II. Have a Parent Meeting

This can be as important as the team meeting and following all of the important tips listed above. In you parent meeting, you want to try to accomplish the following:

(1) Ongoing communications to the team and the parents: However you do this; you should be clear and make sure everyone understands the process. Getting this right can make or break a season.

• Will you send emails each week outlining practice times, games, direction?
• Will you be using a website of software platform to do this? Check out Team Snap and Signup Genie for good platforms to schedule things.

(2) Set the expectations for playing time.
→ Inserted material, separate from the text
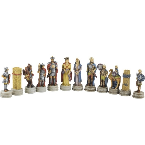 Hand-painted polyresin Moors and Christians chess pieces. Pieces only. Packaged in a box decorated with foam flocking.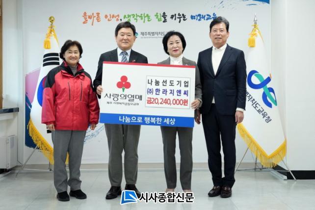 [½Ã»çÁ¾ÇսŹ® = °í¼º¹Î ±âÀÚ] ¢ßÇѶóÁö¿£¾¾(´ëÇ¥ ±è½Å¼º)¿¡¼ Áö³ 17ÀÏ¡®ÀÛÀº »ç¶ûÀÇ ¾¾¾Ñ¡¯¼º±ÝÀ¸·Î Á¦ÁÖÆ¯º°ÀÚÄ¡µµ±³À°Ã»¿¡ 2õ 24¸¸¿øÀ» ±âŹÇß´Ù.

If the league requires equal playing time, tell the parents. If the league requires you to sit each player for a quarter, tell the parents. Most importantly, tell the parents you are the coach and will treat all o the kids fairly.
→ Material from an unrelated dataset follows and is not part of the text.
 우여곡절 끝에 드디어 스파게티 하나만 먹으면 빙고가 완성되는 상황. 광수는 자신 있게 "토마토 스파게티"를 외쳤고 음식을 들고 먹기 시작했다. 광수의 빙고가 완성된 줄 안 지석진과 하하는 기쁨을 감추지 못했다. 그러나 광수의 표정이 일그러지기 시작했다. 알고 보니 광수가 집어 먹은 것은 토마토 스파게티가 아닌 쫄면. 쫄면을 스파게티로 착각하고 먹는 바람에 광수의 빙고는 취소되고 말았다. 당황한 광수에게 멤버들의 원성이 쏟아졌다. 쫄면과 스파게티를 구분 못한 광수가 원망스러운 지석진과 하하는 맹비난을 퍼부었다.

(3) Goals for the Team: Let the parents understand your coaching philosophy and what your goals are for the team. In most cases, especially with the younger kids, you may also want to remind parents that the kids are not playing for a college scholarship.

(4) Administrative Stuff: Get a team parent. This will help with organizing snacks, team party, trophies, etc… Having all the parents pitch in will make things go more smoothly for you as a coach.

III. Practice

Have a practice plan for the season and for each practice. You should start each practice with a practice plan—your kids will know when you are not prepared. A sample plan would have the following:

Date Group/Team
Theme Objective

Time Drill/Skill Set up Coaching Points
Warm-up and Stretch
Drill or Activity
Drill or Activity
Drill or Activity
Drill or Activity
Small Sided Game
Warm down

IV. Games
Games can be the most positive part of the season for kids and it can also be the most stressful. Some help keys to success include:
(1) Like with practice, have a game plan.
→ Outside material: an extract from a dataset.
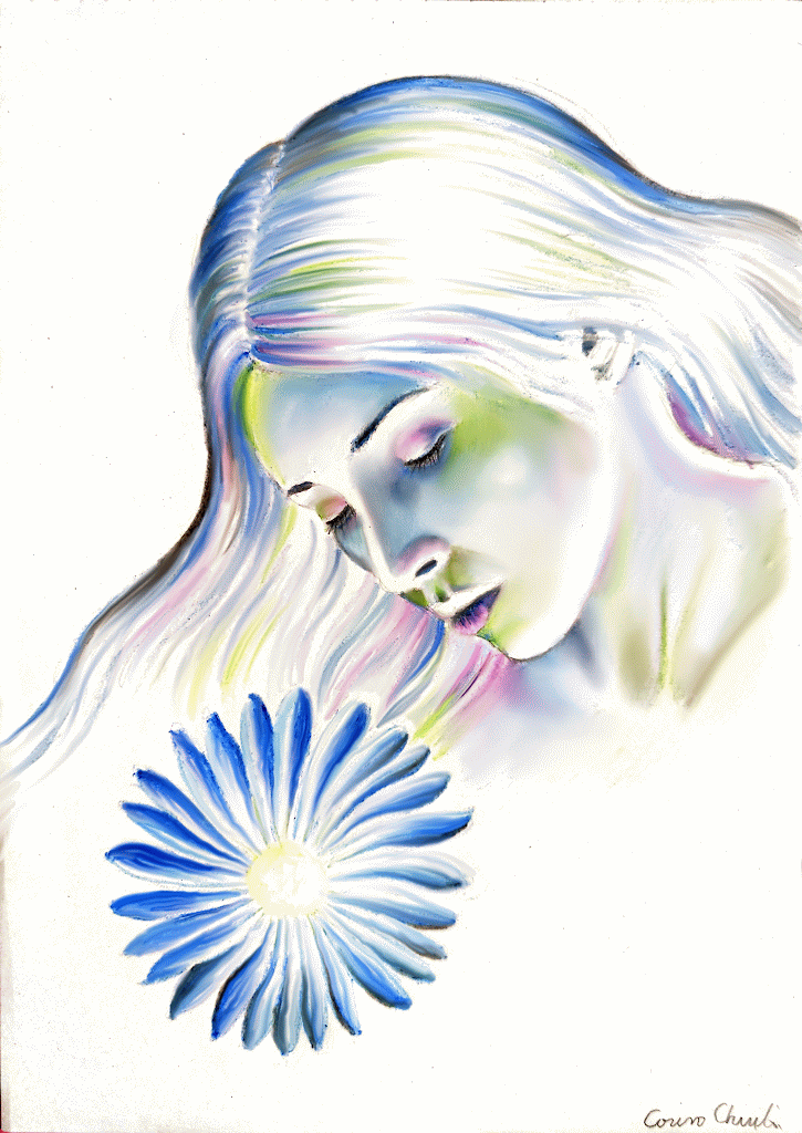 Floare albastra sau muza pierduta a lui Mihai Eminescu, desen si pictura

• What are the goals for the game?
• What do you want to accomplish? We all want to win, but what else constitutes a success?
• Have a plan on who plays when. Trying to do this at game time is almost impossible. In leagues where everyone plays the same, I bring a spreadsheet by quarter/half on who plays when. This solves lots of issues.

(2) You are an example to the kids. If there is a bad call, I encourage you to wait (count to 5) before you make a comment. Remember, making excuses and even worse yelling at a ref, leads to your kids doing the same thing. Ideally, you wait a day and if it still bothers you, then you talk to the league about it.
(3) Only run plays and use concepts you have covered in practice. If you have not covered a full court press or a 2—3 zone in practice, do not try to run it in a game. It will only frustrate you and the players.

(4) Make it fun. Remember, this is not the NFL, NBA or MLB. Our job is to teach and motivate.